Констанция посмотрела на него и отвела взгляд. Теплота в его глазах смущала ее. Она рада была узнать, что история леди Резерфорд о помолвке оказалась неправдой, но она прекрасно сознавала, что семья играет тут не последнюю роль. Доминик, как наследник, должен был выбрать себе подходящую невесту. Сейчас он был от нее так же далек, как и минутой раньше. Он не обманывал ее, не притворялся. Но в один прекрасный день он пойдет под венец с другой, потому что этого потребует семья. Констанция знала, что будет последней дурой, если позволит себе ступить на скользкую дорожку, ведущую к любви.
— Но ты не из тех, кто пренебрегает своим долгом, — тихо сказала она.

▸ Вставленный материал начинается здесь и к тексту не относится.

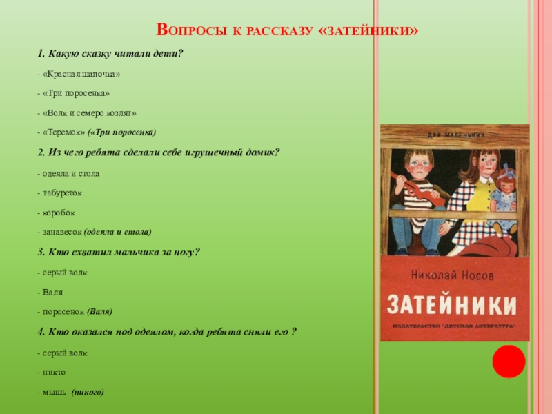 Вопросы к рассказу «затейники»1. Какую сказку читали дети?- «Красная шапочка»- «Три поросенка»- «Волк и семеро козлят»- «Теремок»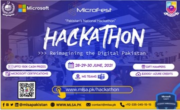 Microsoft Learn Student Ambassadors Pakistan – (MLSA), the renowned technology community, collaborated with Higher Education Commission (HEC) to initiate Pakistan first National Digital Hackathon under the theme of “Reimagining the Digital Pakistan”. This three day hackathon starting from 28th till 30th June 2021 is designed to enable students to use technology, to accomplish an objective, by solving a real-world problem scenario.

Доминик помолчал мгновение.
— Нет, не из тех, — так же тихо ответил он, — хотя последние два года я делал все, чтобы уклониться от долга.
Констанция посмотрела на него. Доминик сжал зубы, обычно веселое лицо было мрачно. Глядя на него, Констанция верила, что такой человек способен бороться и, истекая кровью, вести солдат в бой. Она накрыла его руку своей рукой. Так же она пыталась утешить его у могилы сестры. Он улыбнулся, сжал ее руку и поднес к губам. По телу Констанция пробежала дрожь, и она поспешно отодвинулась, надеясь, что Доминик ничего не заметил.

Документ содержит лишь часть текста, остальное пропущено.